== Segment start ==
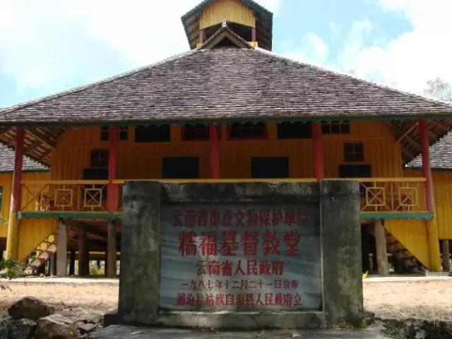 糯福鄉(xiāng)基督教堂清宣統(tǒng)二年(1910年)美國基督教浸信會緬甸景棟教會派牧師到孟連東乃等地傳教。民國五年(1916年),派撒臘比布到瀾滄?zhèn)鹘。民國九年?920年),美國牧師主持糯福教務(wù),于民國十一年(1922年)修建教堂。糯福教堂為瀾滄、雙江、滄源、耿馬等地的基督教會總部。為便于傳教,永偉業(yè)用拉丁字母為拉祜族創(chuàng)造了拉祜文字。糯福教堂總面積506.6平方米,融合西洋與當(dāng)?shù)孛褡褰ㄖ问健?987年被列為省級文物保護單位。
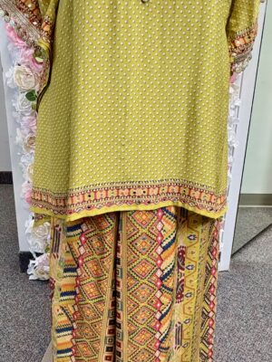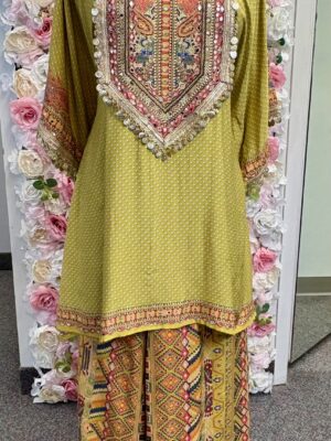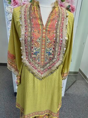 Printed Olive Green Kaftan with Mirror Work & Palazzo Set
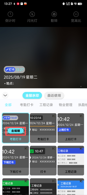 软件中可以支持用户自定义编辑水印内容,展示时间、地点、天气等信息;
== Segment end ==
Assignment: Please transcribe the listing exactly as it stands, but omit its pictures.

Task answer:
 糯福鄉(xiāng)基督教堂清宣統(tǒng)二年(1910年)美國基督教浸信會緬甸景棟教會派牧師到孟連東乃等地傳教。民國五年(1916年),派撒臘比布到瀾滄?zhèn)鹘。民國九年?920年),美國牧師主持糯福教務(wù),于民國十一年(1922年)修建教堂。糯福教堂為瀾滄、雙江、滄源、耿馬等地的基督教會總部。為便于傳教,永偉業(yè)用拉丁字母為拉祜族創(chuàng)造了拉祜文字。糯福教堂總面積506.6平方米,融合西洋與當(dāng)?shù)孛褡褰ㄖ问健?987年被列為省級文物保護單位。
 Printed Olive Green Kaftan with Mirror Work & Palazzo Set
 软件中可以支持用户自定义编辑水印内容,展示时间、地点、天气等信息;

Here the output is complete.